[[ SOURCE RECORDS, beginning ]]

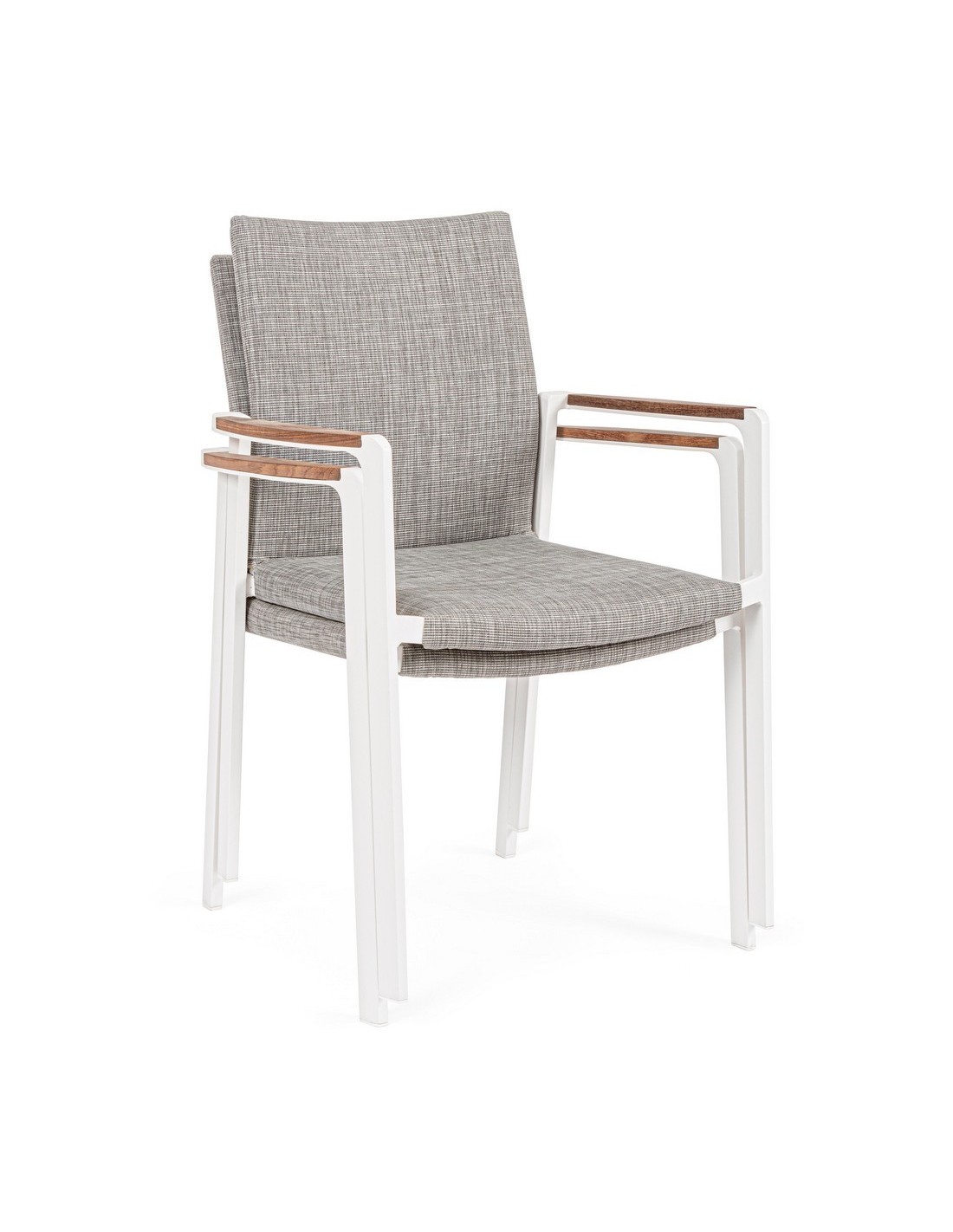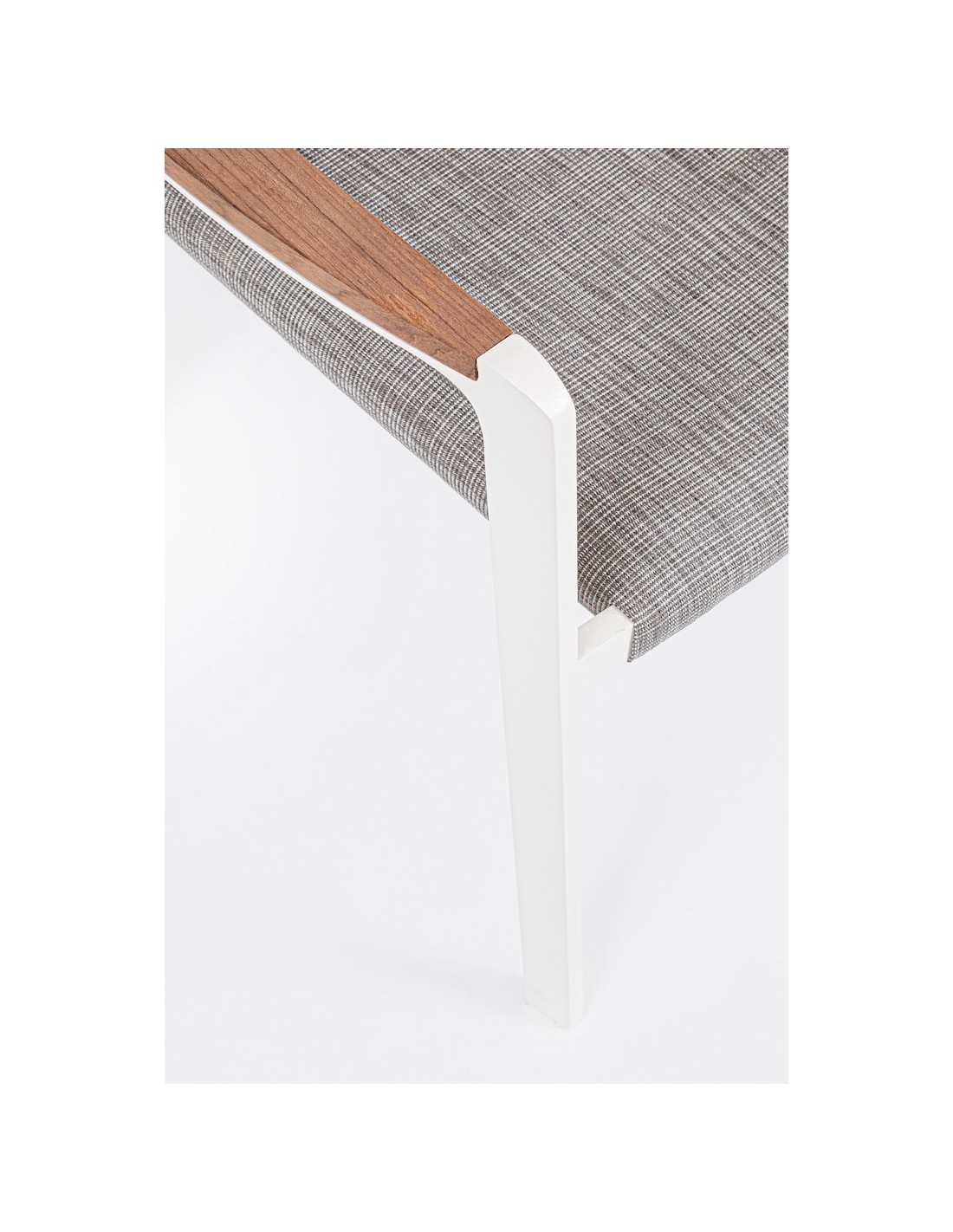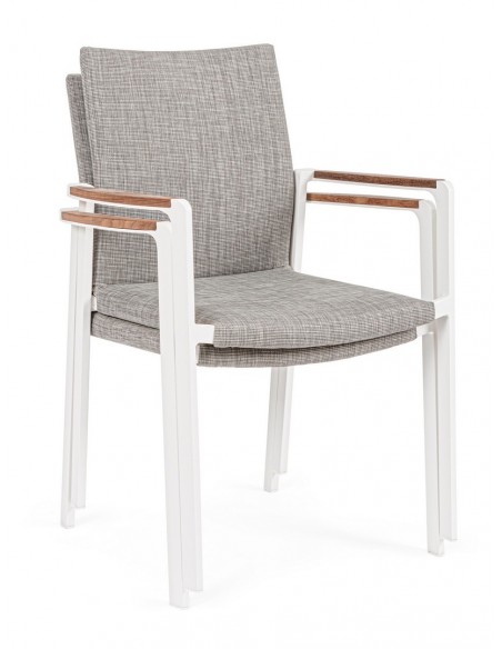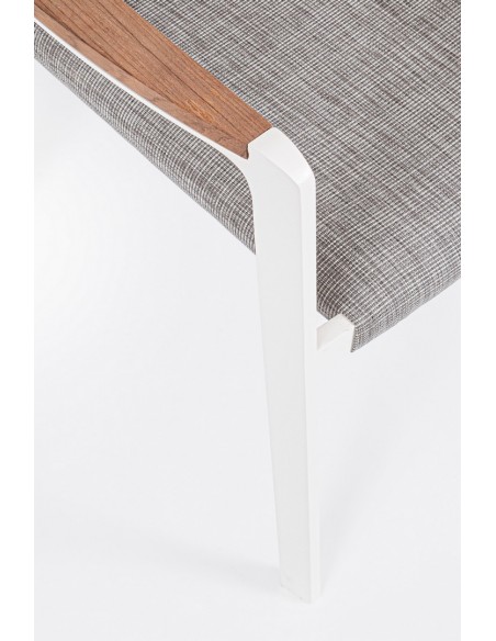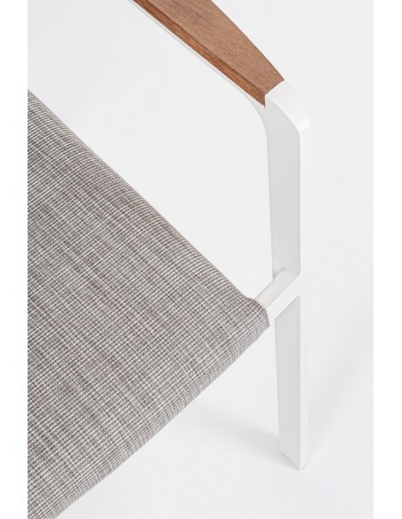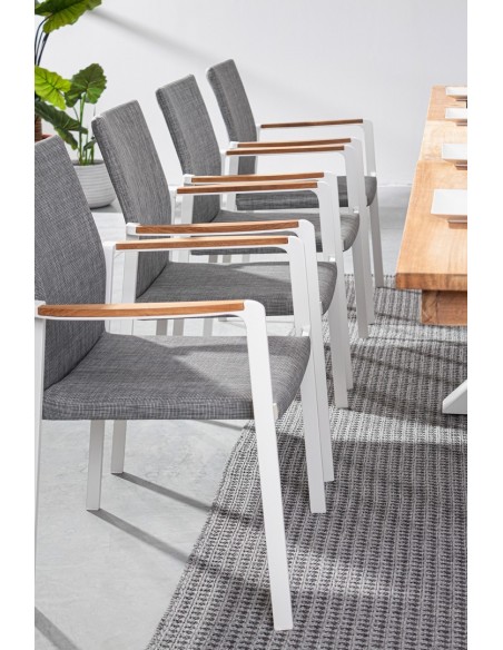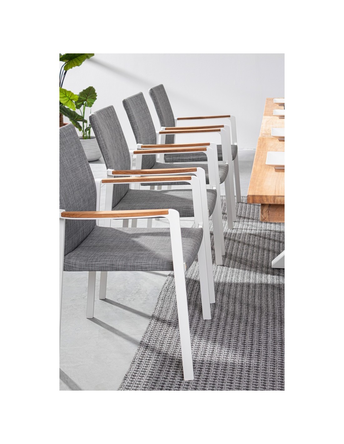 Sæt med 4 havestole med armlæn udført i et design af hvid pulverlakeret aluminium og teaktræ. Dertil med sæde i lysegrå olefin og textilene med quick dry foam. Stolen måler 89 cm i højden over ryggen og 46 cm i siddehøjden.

[[ SOURCE RECORDS, end ]]
[[ SOURCE RECORDS, beginning ]]

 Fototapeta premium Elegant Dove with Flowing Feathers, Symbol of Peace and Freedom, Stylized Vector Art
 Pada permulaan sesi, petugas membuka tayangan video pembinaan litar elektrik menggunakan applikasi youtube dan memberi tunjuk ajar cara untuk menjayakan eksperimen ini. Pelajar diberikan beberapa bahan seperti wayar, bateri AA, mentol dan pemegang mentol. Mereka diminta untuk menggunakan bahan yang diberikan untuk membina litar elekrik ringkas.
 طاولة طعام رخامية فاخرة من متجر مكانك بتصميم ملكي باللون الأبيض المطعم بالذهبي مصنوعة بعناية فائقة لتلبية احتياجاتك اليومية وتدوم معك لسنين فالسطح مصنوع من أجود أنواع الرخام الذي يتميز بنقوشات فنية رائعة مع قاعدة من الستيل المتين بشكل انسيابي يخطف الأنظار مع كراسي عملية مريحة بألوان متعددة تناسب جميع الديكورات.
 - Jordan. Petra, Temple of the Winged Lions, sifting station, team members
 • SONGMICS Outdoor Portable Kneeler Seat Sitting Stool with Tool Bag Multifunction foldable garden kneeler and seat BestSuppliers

[[ SOURCE RECORDS, end ]]
[[ SOURCE RECORDS, beginning ]]

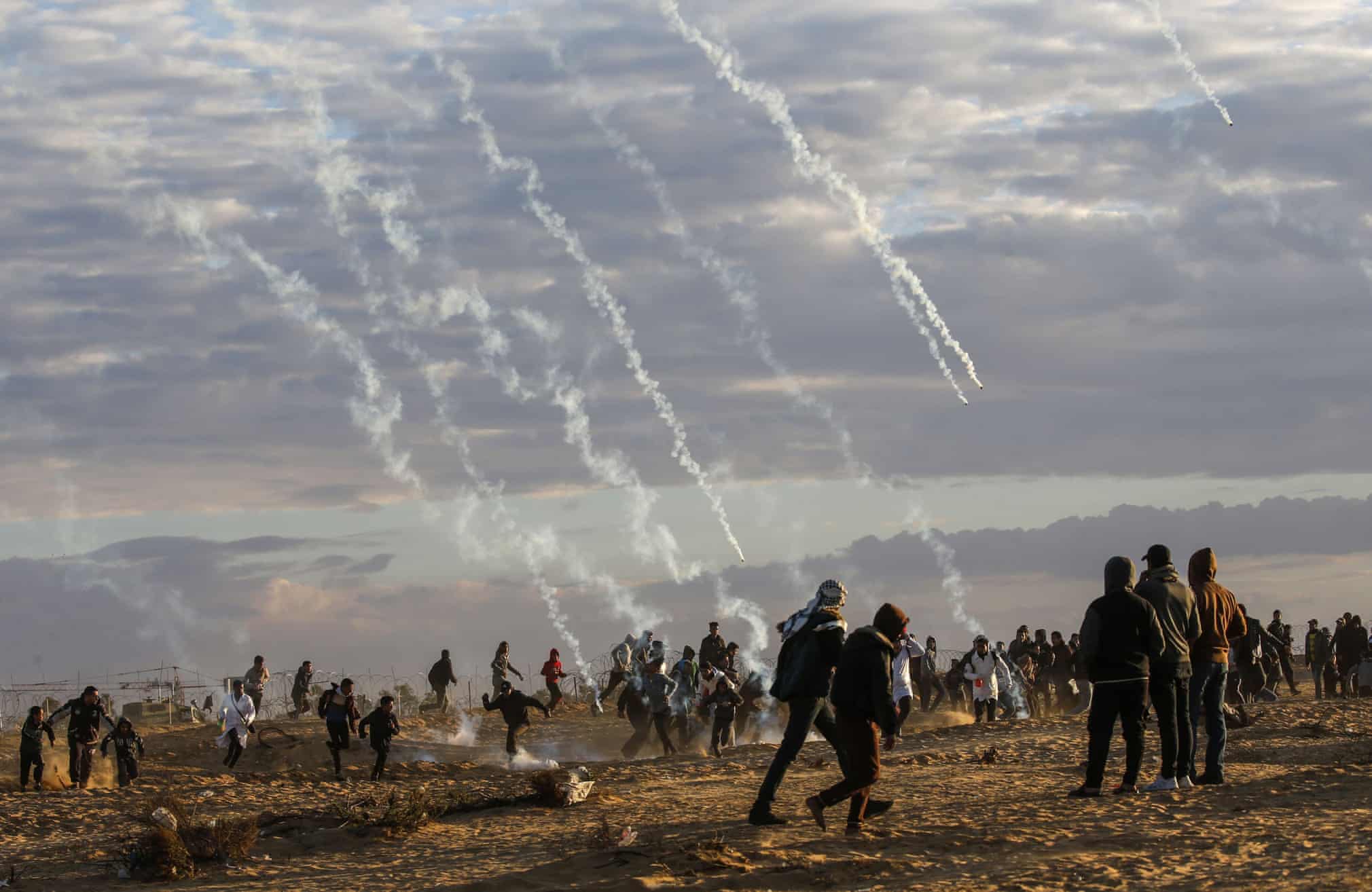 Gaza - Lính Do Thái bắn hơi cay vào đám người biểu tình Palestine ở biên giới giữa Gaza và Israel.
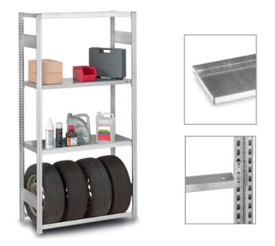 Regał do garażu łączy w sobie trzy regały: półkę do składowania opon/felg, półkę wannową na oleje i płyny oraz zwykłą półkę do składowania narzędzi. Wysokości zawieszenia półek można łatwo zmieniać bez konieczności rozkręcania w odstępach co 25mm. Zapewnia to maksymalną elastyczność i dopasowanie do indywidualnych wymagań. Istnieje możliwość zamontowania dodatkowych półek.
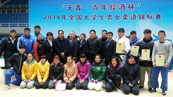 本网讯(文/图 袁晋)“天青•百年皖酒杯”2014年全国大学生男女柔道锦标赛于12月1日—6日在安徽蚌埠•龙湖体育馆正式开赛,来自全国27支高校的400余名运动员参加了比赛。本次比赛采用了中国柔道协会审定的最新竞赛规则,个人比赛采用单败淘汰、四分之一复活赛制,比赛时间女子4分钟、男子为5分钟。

[[ SOURCE RECORDS, end ]]

### AIM OF THE TASK
The lines holding the string "with" are what is needed from the material above.

### SOLUTION FOR THIS EXERCISE
 Fototapeta premium Elegant Dove with Flowing Feathers, Symbol of Peace and Freedom, Stylized Vector Art
 • SONGMICS Outdoor Portable Kneeler Seat Sitting Stool with Tool Bag Multifunction foldable garden kneeler and seat BestSuppliers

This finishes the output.